その、カードコレクションをずらりと広げたのだけれど、
今回は古の日本が好きでたまらないという友人のために、花札の絵柄を切り絵でアレンジしたものを選ぶことにした。
細やかな技が光る切り絵によって表現された世界の魅力もさることながら、
受け取った側は、その繊細な技術にも心奪われるようで、非常に良いリアクションが返ってくる。
そのことに気を良くしている私は、送る側として、繊細な切り絵タイプのグリーティングカードに頼ることが多い。
彼らが、美術品のようだと喜んでくれるグリーティングカードが、雑貨店のカードラックに大量に並べられていると知ったら、
日本の物づくりに対して抱く印象は、また少し変わるのかもしれない。
そう思いながら、何枚か所持していた花札の絵柄から選んだのは8月の花札である「芒(ススキ)に月」。
もう既に9月なのだけれど、8月の花札と言っても旧暦の8月のことで、今で言えば9月のこと。
そして、ススキも今が見頃で、ちょうど良いではないか、と思った。
更にこの絵柄は、外国人の方の評判も上々なのだ。
少々手間なのは、この季節だからこその絵柄なのだということを、できるだけ分かり易く説明しなくてはいけないことだ。
私のプライベート事情はさておき、
以前は、「芒(ススキ)に月」の絵柄に軽く触れつつ、ススキのお話をさせていただいたようなので、
今回は、絵柄の別名のお話を少しだけ。
この絵柄、「芒(ススキ)に月」という名を持ちながら、「坊主(ボウズ)」の名でも知られている。

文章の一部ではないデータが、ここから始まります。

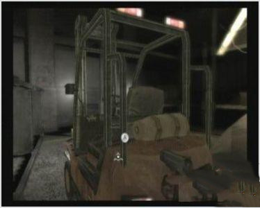下車來到一公園樣的地方,右走路面會坍塌不能通行,左走不遠會看見一兩裝有小汽車的大貨車傾斜在那里,用槍打貨車后面的紅色把手小汽車會掉下來,小車會自行溜走一段距離。

※上記画像の中央にある、赤地に白い月が浮かんでいるもの。
そう聞くと、空に浮かんだ月が、坊主頭に見えるからだろうかなどと推測してしまうのだけれども、
実は、「芒(ススキ)に月」の絵柄を印刷するために、この絵柄を刻した木板を使った際、
木版の目に黒い墨が詰まって固まってしまい、繊細なススキが消え、
黒い山の上に月が浮かんでいる絵柄に仕上がってしまい、それが商品として世に広まってしまったのだそう。
そして、この黒い山を見た人たちの中で、これは坊主頭の様ではないかという話なり、
この絵柄は坊主(ぼうず)と呼ばれるようになったのだとか。
私は、花札の知識が全くないため、遊ぶことはできないのだけれど、
この名前の裏話を知ってからは、「芒(ススキ)に月」の札を目にすると、
真黒に染められたススキが野球少年の坊主頭に見えて仕方がない。
それまでは、真黒に染められていても、黄金の光を放ちながらふわふわと揺れるススキが、そこに見えていたはずなのに。
あなたの目の前に現れる「芒に月」の札の中に見える景色は、ススキでしょうか、それとも……。
「芒に月」の札を目にする機会がありましたら、今回のお話をちらりと思い出していただけましたら幸いです。